Variation of passive pressure coefficients with α _h for different values of β (ϕ = 30°, θ ₁ = 75°, θ ₂ = 100°, δ ₁ = δ ₂ = 0.5ϕ, H ₁/H = 1/3, α _v  = 0.5α _h , f _a  = 1.4, H/TV _savg  = 0.3 and H/TV _pavg  = 0.16). a K _pe1 b K _pe2

5 Comparison

A limited number of investigations (Sokolovski 1960; Greco 2007; Sadrekarimi et al. 2008) have been carried out to obtain the active thrust on a retaining wall with bilinear backface. However, no significant research work is available in the literature to determine the passive thrust on wall with sudden change in slope. In Table 2, the present values of passive earth pressure coefficients for upper and lower part are compared for different values of H/TV _s and H/TV _p with H ₁/H = 1/3, δ ₁ = δ ₂ = 0.5ϕ, θ ₁ = 75°, θ ₂ = 100°, α _v  = 0.5α _h , and f _a  = 1.4. The magnitudes of K _pe1 and K _p2 obtained from the present analysis are found to decrease with increase in the values of H/TV _s and H/TV _p . As discussed earlier that for most of the geological materials V _p /V _s can be taken as 1.87 (Das 1993) and therefore, to satisfy this relationship the magnitudes of H/TV _s and H/TV _p have been decided accordingly in Table 2 (Ghosh 2008).

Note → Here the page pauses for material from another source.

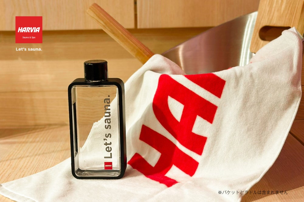 コラボに合わせて3月7日より、トントゥ抽選会に「ハルビア Let'sサ活セット」が登場!持ち運びしやすいコンパクトな水ボトル(非売品)と、赤いロゴが目を引くサウナタオルのセットです。

Table 2 Comparison of passive earth pressure coefficients K _pe1 and K _pe2 with H ₁/H = 1/3, ϕ = 30°, δ ₁ = δ ₂ = 0.5ϕ, θ ₁ = 75°, θ ₂ = 100°, α _v  = 0.5α _h and f _a  = 1.4

6 Conclusion

Using the pseudo-dynamic approach, the effects of the soil friction angle, wall inclination, wall friction angle, horizontal and vertical earthquake accelerations, amplification of vibration, variation of shear modulus, and shear and primary wave velocities on the seismic passive earth pressure behind a bilinear cantilever retaining wall have been explored. It has been found that the magnitude of seismic passive earth pressures for upper and lower parts of the wall decreases with an increase in the horizontal earthquake acceleration coefficient α _h and the wall inclinations θ ₁ and θ ₂ respectively. Unlike the pseudo-static analysis, where the passive pressure varies linearly, the seismic passive earth pressure distribution is found to be nonlinear behind the wall in pseudo-dynamic analysis. The nonlinearity of seismic passive earth pressure distribution increases with an increase in seismicity, which causes the point of application of the total passive thrust to be shifted. Both constant and varying magnitudes of shear modulus in the backfill have been considered in the present analysis. However, no significant difference in the passive thrust can be observed due to the variation of shear modulus through out the backfill. Due to the use of more rational pseudo-dynamic approach, the present values of K _pe1 and K _pe2 and pattern of passive earth pressure distribution could be used by the design engineers to design and assess the behavior of bilinear cantilever retaining wall under seismic condition.